Ridge on Sunday
Richard Burgon, Shadow Justice Secretary and MP for Leeds East, talked about a potential conflict with Iran, Labour candidate Ali Milani and Gloria de Piero not standing for reselection.
- On how the UK should react to Iranians seizing UK-flagged ship: “It’s unacceptable for those vessels to be seized and they should be released but what we need to avoid… is a kind of escalation and being dragged in by Donald Trump to something which could be very dangerous indeed.”
- On a potential conflict: “If we end up in a conflict backed by Donald Trump, I think it would not only be comparable with Iraq, in fact it could be even worse than Iraq, and that should really scare everybody.”
Uxbridge, Boris Johnson’s marginal seat…
- On Labour candidate Ali Milani’s tweets: “Quite rightly he’s apologised for those tweets and those tweets are disgraceful. He did them when he was a teenager. He’s been on a programme of learning since then.”
- “I don’t think he should be prevented from being a Labour candidate because of tweets that he’s apologised for that he sent when he was a teenager.”
Gloria de Piero, who said: “A lack of tolerance for different viewpoints in the Labour Party frankly worries me”…
- “She feels that her speech and her explanation to her members has been mischievously misrepresented by the press.”
- “The Labour Party is a broad church. It’s a coalition of socialists, social democrats, trade unionists and other progressives and long may it continue to be that.”
‘Surely you can find candidates in high profile seats who haven’t made offensive comments about Jewish people in the past?’ – @SophyRidgeSky pushes @RichardBurgon on why Labour is supporting Ali Milani. #Ridge
— Ridge on Sunday (@RidgeOnSunday) July 21, 2019
The Andrew Marr Show
There were no representatives of the Labour Party on the programme this week.
Philip Hammond confirmed reports that he will be resigning as Chancellor once Theresa May has resigned as Prime Minister, in the expectation that she will be succeeded by Boris Johnson. Justice Secretary David Gauke has also said he will resign.
- On his frontbench position: “His conditions for serving in his cabinet would include accepting a no deal exit on the 31st of October. That is not something I could ever sign up to. It’s very important that a Prime Minister is able to have a Chancellor that is closely aligned with him in terms of policy, and I therefore intend to resign to Theresa May before she goes to the palace to tender her own resignation on Wednesday.”
- “I intend to resign after PMQs, before the Prime Minister goes to the palace.”
- On not being “Boris Johnson’s biggest supporter”: “It’s nothing personal. I’ve always got on well with Boris and I find him a very engaging character. And actually, beyond the Brexit question, I don’t have major policy disagreements with him. He’s a middle-of-the-road Conservative, a liberal Conservative.”
“I’m going to resign”
— BBC Politics (@BBCPolitics) July 21, 2019
Simon Coveney, deputy Prime Minister of Ireland, reiterated Ireland’s opposition to removing the backstop from the deal and dismissed the ‘GATT 24’ solution.

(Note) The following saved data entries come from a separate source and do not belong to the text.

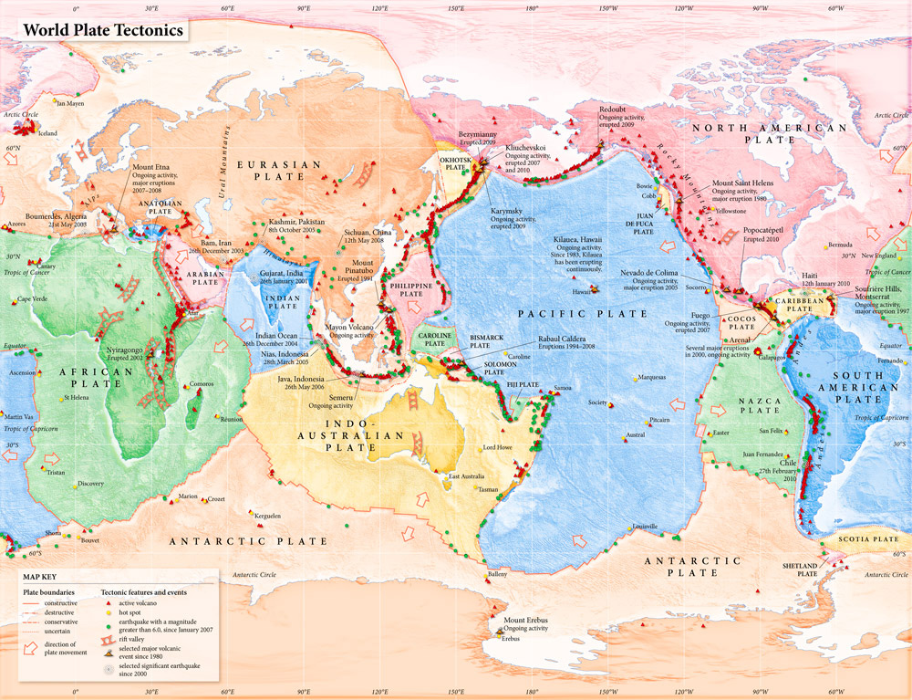 The map shows global tectonic plates, the locations of volcanoes and earthquakes, and selected tectonic events since 2000.
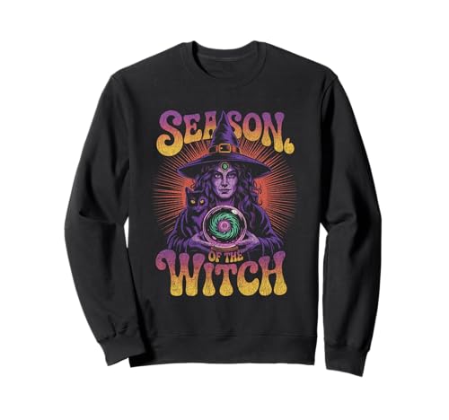 Witch with Crystal Ball and Cat Radiating Cosmic Power Sweatshirt
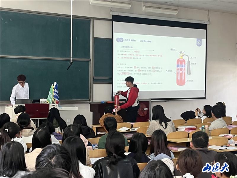 宣讲团成员从财产安全、人身安全、交通安全、消防安全等方面进行了生动宣讲。特别是消防安全,详细讲解了火灾常见的形成原因,灭火器的种类和火灾报警及疏散等安全常识,并演示了防火面具、灭火器、消防栓的应急操作,手把手地给同学们作了讲授。

- “If the approach of the new British Prime Minister is that they’re going to tear up the withdrawal agreement, then I think we’re in trouble.”
- On the notion that the backstop would not get through the Commons: “I mean, that’s a matter for the British government and the House of Commons, with respect. That’s not a matter for the Irish government.”
- On a time limited backstop, “we’ve always said no to that”; on a “unilateral escape hatch”, “everybody wants to move ahead on the basis of avoiding the use of the backstop, but it does need to be there as a default position if all else fails”.
- On ‘GATT 24’ (which Johnson says would allow the UK to continue trading with the EU without tariffs in a no-deal scenario): “We just don’t think that’s a viable option at all… a non-starter.”
John McDonnell discussed his proposed ‘insourcing revolution’. Asked whether councils would be forced to take on services even if they are currently well-provided by a private company, the Shadow Chancellor said the “preference will be in-house” but councils would “be able to outsource” if they “haven’t got capacity to deliver” the services or it’s a specialist area. The company, however, should pay their staff the living wage, treat employees properly and be regulated, he said.